In the state universities the mental and moral atmosphere is healthful. A strong, honest manhood is cultivated. There all ideals are strongly maintained, not according to a particular creed, but with regard to all the implications of man’s higher nature. All influences tend to make citizens who are in harmony with the national spirit. An extended acquaintance with graduates of various state universities shows that, as a whole, they are broad-minded citizens, loyal to the public interest.

The relation of the religious denominations to the state university is one that commands serious attention. The university says to each class of people: “Here is an institution which is equally for the advantage of all—it is yours. Its platform, founded on ideals of truth, beauty, and goodness, is as broad as humanity. Since there must be diversity of religious views, establish your theological schools, halls, guilds, or professorships in the vicinity of the university, and, making use of what the state offers, supplement in your own way the work of the state.” The plan is in the highest degree economical; it combines unity of effort with variety of independent view; it makes the general good and the special interest mutually helpful. It is the plan of business common sense and of wise insight into the problems of the age. That the denominations—granting their point of view—should join their interest with that of the state university is shown also by the fact that often a given denomination finds more of its students there than at its church school.

Many state universities are beginning to receive private endowment. Every consideration of public interest in each state should turn the contributions for education toward the one great centre of learning. Very few states can support more than one such centre. Libraries, art collections, museums, laboratories, buildings, well-endowed chairs, beautiful grounds, should testify to the munificence of private wealth as well as to the benefactions of the state.

Speaking generally, the state universities have large incomes and good facilities. They require high standards for admission and graduation. Wherever feasible, they maintain professional schools and schools of applied science. They do this upon the theory that the state should both regulate and provide professional education in the interest of proper standards, and that, in the interest of the state and of the individual, such education should be made available to the sons of the poor. Every leading state university is developing a graduate school.

In the matter of electives, the state university occupies a middle ground. Yale and Princeton represent the conservative side, and Harvard and Stanford the liberal extreme. An examination of the curricula of ten leading state universities shows that the requirements for admission are definitely prescribed, although two or more courses are recognized; that about half the college studies are required, while the remaining half are offered as group or free electives. The state universities naturally show a tendency toward the German university system.

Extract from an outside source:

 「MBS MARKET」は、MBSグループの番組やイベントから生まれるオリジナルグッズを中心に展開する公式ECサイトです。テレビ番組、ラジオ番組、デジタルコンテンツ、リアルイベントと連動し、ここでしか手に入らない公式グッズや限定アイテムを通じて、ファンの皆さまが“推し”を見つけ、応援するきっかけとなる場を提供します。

In America the college has been frankly maintained in accord with Platonic ideals. A full rounded manhood, drawing its power from each chief source of knowledge, and prepared in a general way for every practical activity, has been the aim. The American college is dear to the people, and it has done much to make strong men who have powerfully influenced the nation. There are, however, various tendencies which are likely to modify the whole organization of the American university, including that of the college.

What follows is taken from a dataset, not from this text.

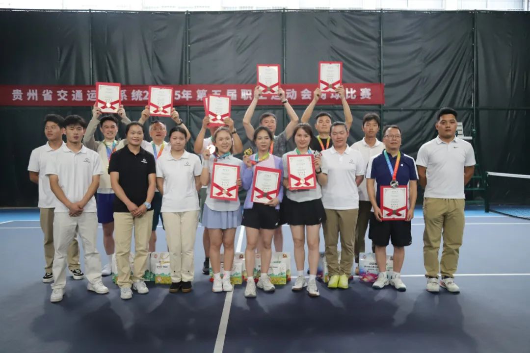 经过多轮鏖战,来自贵州交投集团二队的王荣有、贵州交职大代表队的罗文全、省交通执法监督局四队的杨龙祥分别获得贵州省交通运输系统2025年第五届职工运动会网球比赛男子组第一名、第二名、第三名;来自贵州高速集团一队的邵艳、贵州交通技师学院代表队的张丽丽、贵州高速集团二队的李雯雯分别获得贵州省交通运输系统2025年第五届职工运动会网球比赛女子组第一名、第二名、第三名;来自省交通运输厅机关联队黄强和贵州交职大代表队罗文全,省交通执法监督局三队杨政武和省交通执法监督局四队杨龙祥,贵州交投集团二队王荣有和贵州交投集团一队王劲松分别获得贵州省交通运输系统2025年第五届职工运动会网球比赛双打组第一名、第二名、第三名。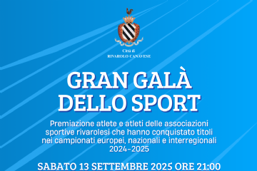 Sabato 13 settembre 2025, alle ore 21, presso il Palazzetto dello Sport del Centro comunale polisportivo in via Trieste 84, Rivarolo Canavese, si svolgerà il Gran Galà dello Sport.

The recent tendency toward free election, reaching even into the high school, is a subject of animated controversy. This tendency I have frequently discussed elsewhere, and must still maintain that, in its extreme form, it is irrational. One university of high standing makes it possible to enter its academic department and graduate without mathematics, science, or classics. This is an extreme that is not likely to be sanctioned by the educational world. If there is a human type with characteristics by which it is defined—characteristics which can be developed only by looking toward each field of knowledge—then a secondary and higher education which makes possible the entire omission of any important group of subjects is likely to prove a great wrong to the average student. According to some high educational authorities, no one can be called liberally educated who does not at least possess knowledge of (1) mathematics and science, (2) language and literature, (3) philosophy. Philosophy, as it was in Greece and as it is in Germany, may become a larger factor in our American education.